Indian activist (1925–1991)

Gaura Devi (1925 – 1991) was a grassroots activist and a rural women community leader from India who played an important role in the Chipko movement. She was conferered the Uttarakhand Gaurav Samman in 2025 posthumously.

==Life==
Gaura Devi was born in 1925 in a village named Lata in the state of Uttarakhand. She moved to a nearby village named Raini by the Alaknanda River. By the age of 22 she was a widow with a child. Her new village was near to the border with Tibet. Gaura Devi was elected to lead the Mahila Mangal Dal (Women's Welfare Association) in the wake of the Chipko movement.

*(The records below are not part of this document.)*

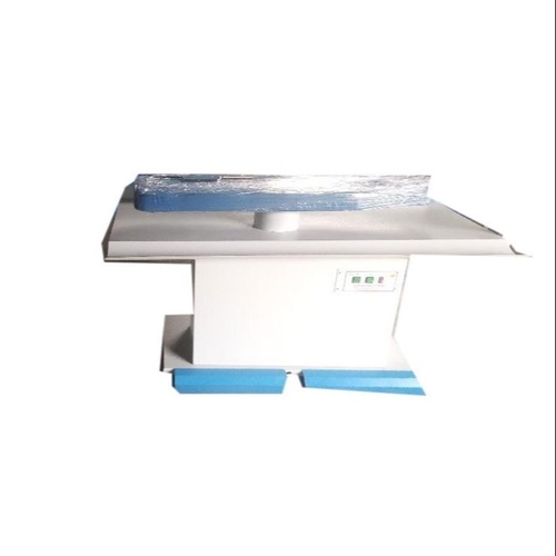 Industrial mild steel table for jacket finishing touch-ups. Features a 2 x 1 feet size, paint-coated finish, and operates on 240V (50 Hz). Robust frame for garment production.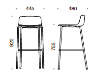 Stolens dimensioner er: B 445 mm D: 480 mm H: 920 mm, siddehøjden er 445 mm.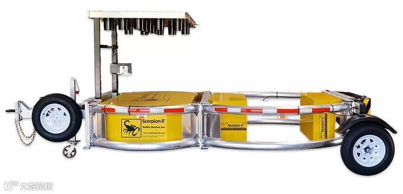 Scorpion11TMA 卡车防追尾装置研发历时 17 年,通过了 2000 多次测试,是世界首款通过 MASH 测试的卡车式衰减器,可以说是现如今最安全、最可靠的卡车防追尾装置。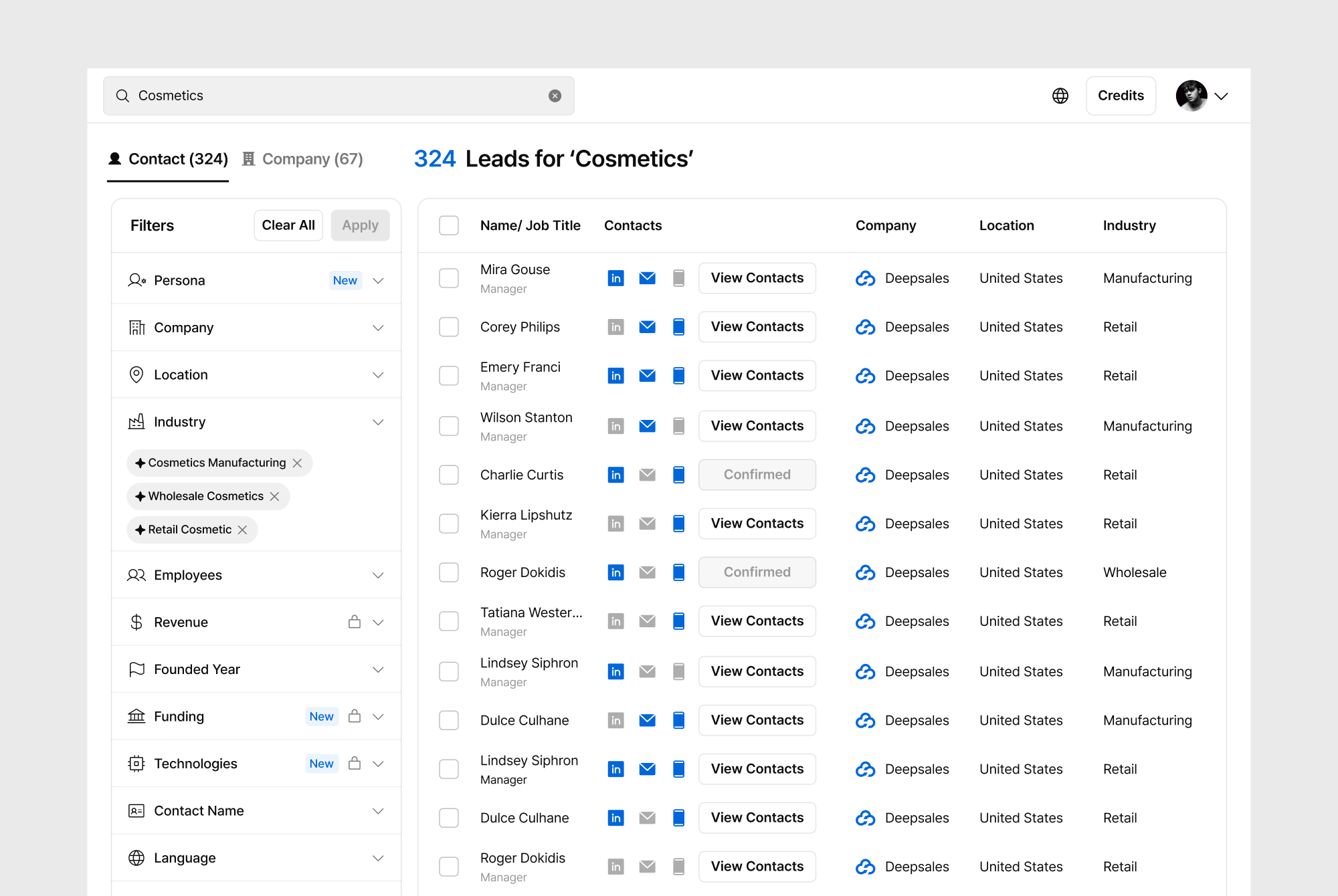In the previous version of DeepSales, users could use an AI-based search bar on the main page, with filters like employees, revenue, and contacts available on the left panel. However, a significant limitation was the inability to apply filters while performing keyword searches simultaneously. Additionally, the platform’s “Featured” filters were insufficient for offering personalized industry recommendations.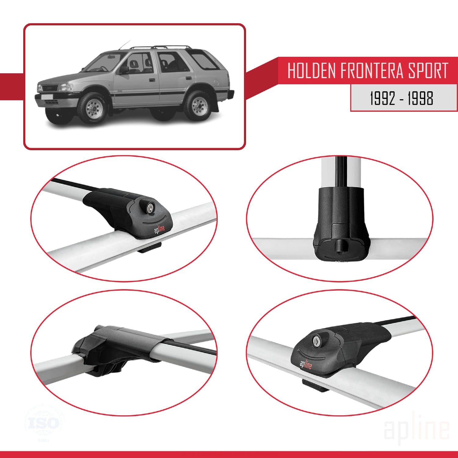 Compatible avec Holden Frontera Sport 1992-1998 ACE-1 Barres de Toit Railing Porte-Bagages de Voiture Gris Aluminium 2 Barres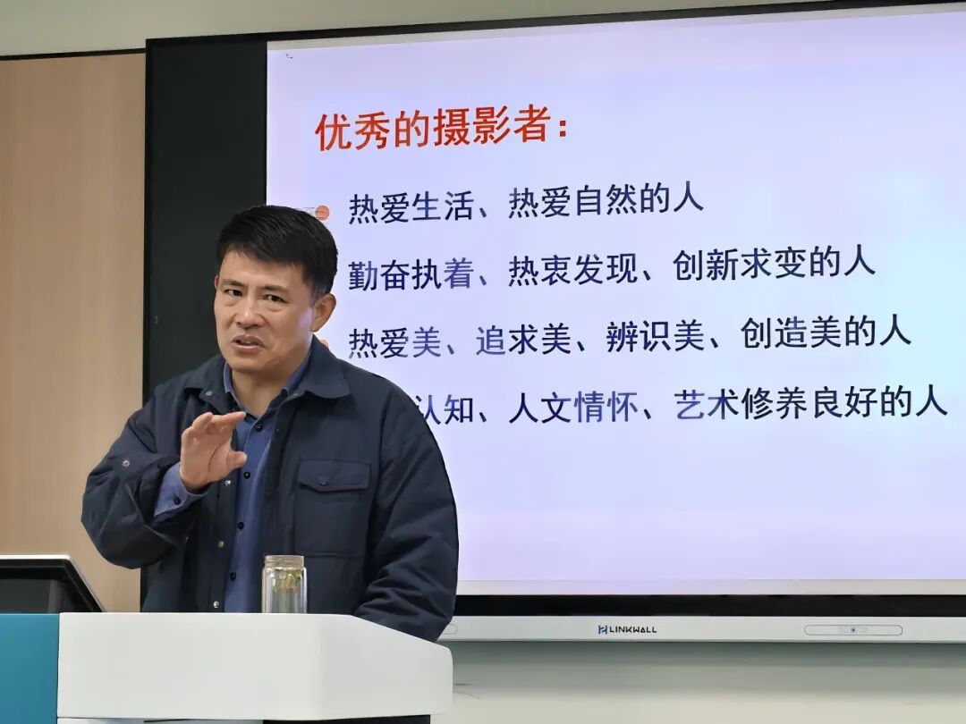 在摄影漫谈中,钟书记以"欣赏别人就是庄严自己"为理念,引导学生理解摄影者需具备的观察力与人文情怀,鼓励将视觉表达与文字创作深度融合。本次课程通过理论讲解与实践指导相结合,助力学生提升综合表达能力,受到学员一致好评。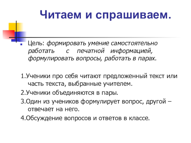 При отработке приёма необходимо указывать учащимся на качество вопросов, отсеивая неинформативные, случайные.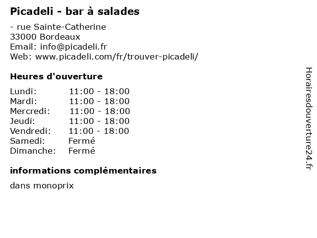 1 Picadeli - bar à salades (Distance: 0,25 km) - place des Grands Hommes, 33000 Bordeaux bar, boisson, fastfood, picadeli, restauration, salades 2 Picadeli - bar à salades (Distance: 0,81 km) 36bis cours Maréchal Juin, 33000 Bordeaux bar, boisson, fastfood, picadeli, restauration, salades 3 Picadeli - bar à salades (Distance: 0,99 km) 5 rue Robert Lateulade, 33000 Bordeaux bar, boisson, fastfood, picadeli, restauration, salades 4 Picadeli - bar à salades (Distance: 2,08 km) - Rue Grateloup, 33000 Bordeaux bar, boisson, fastfood, picadeli, restauration, salades 5 Picadeli - bar à salades (Distance: 6,07 km) - Rue des Poilus, 33600 Pessac bar, boisson, fastfood, picadeli, restauration, salades 6 Picadeli - bar à salades (Distance: 8,12 km) 1 avenue Gustave Eiffel, 33600 Pessac bar, boisson, fastfood, picadeli, restauration, salades |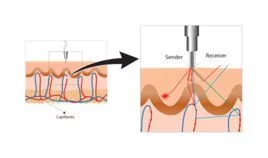 激光多普勒可以监测整个微循环系统的血液灌注量,包括毛细血管(营养血流)、微动脉、微静脉和吻合支。该技术基于发射激光通过光纤传输,激光束被所来自研究组织散射后有部分光被吸收。击中血细胞的激光波长发生了改变(即多普勒频移),而击中静止组织的激光波长没有改变。系育这些波长改变的强度和频率分布与监测体积内的血细胞数量和移动速度直接相关。通过接收光纤,这些信息被记录并且转换为电信号进行分析。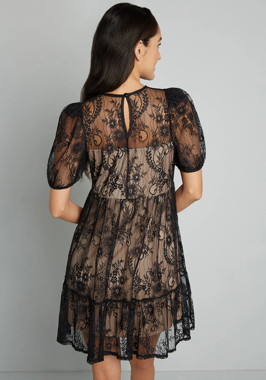 Dare to make them do a double-take in this stunningly sheer black lace party dress! Made from a delicate black lace overlay with a beautiful floral pattern throughout and a contrasting cream-hued lining, this elegant babydoll dress boasts a round neckline with keyhole and button-loop closure at the back, sheer puff sleeves, shirring at the empire waist, a retro-chic relaxed fit, and a tiered hemline.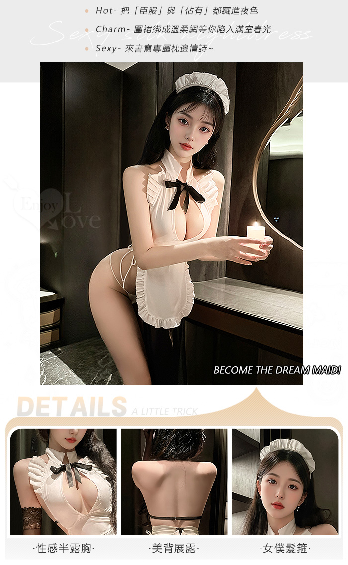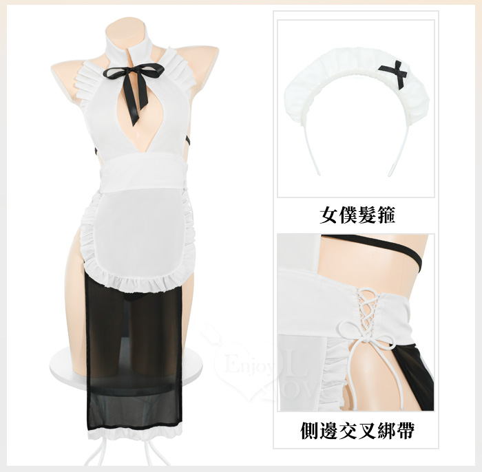 ►您現在的位置:首頁>女僕角色扮演服|木耳花邊水滴美胸連身裙・側綁帶設計四件式套裝
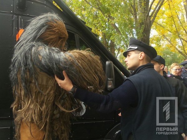![]() Чубакка был за рулем одной из машин в команде кандидата в депутаты горсовета Дарта Вейдера. Правоохранители попросили неизвестного представиться, однако он отказался предъявлять документы и добровольно ехать в отделение. Полицейским пришлось скрутить Чубакку. Отмечается, что сотрудникам правоохранительных органов было тяжело стянуть перчатки от костюма, чтобы надеть наручники на нарушителя. В свою очередь Дарт Вейдер после задержания члена своей команды объяснил, что Чубакка — домашнее животное, у которого нет прописки, а живет он в катакомбах.

The organisation worked on the protection of community forests.

==Birth of Chipko==

Gaura Devi came to the forefront of the Chipko movement in 1974. On 25 March 1974, she was told by a young girl that local loggers were cutting trees near their village. The men of Reni village had been tricked out of the village by news that the government was going to pay out compensation for land used by the army. Gaura Devi and 27 other women decided to tackle the loggers. She confronted and challenged the men to shoot her instead of cutting down the trees and she described the forest as "Vandevta" (God of Jungle) and her maika (mother's house). Finally, with the help of other women she managed to halt the work of loggers by hugging the trees despite the abuse and threats of the armed loggers. The women of village and Gaura Devi kept guard of the trees that night and over the next three or four days other villages and villagers joined the action. The loggers left leaving the trees.
After this incident, the Uttar Pradesh Government established a committee of experts to investigate the issue of felling of trees, and the lumber company withdrew its men from Reni. The committee stated that the Reni forest was an ecologically sensitive area and that no trees should be felled there. Thereafter the government of Uttar Pradesh placed a 10-year ban on all tree-felling in an area of over 1150 km^{2}.

Gaura Devi died in July 1991, at the age of 66.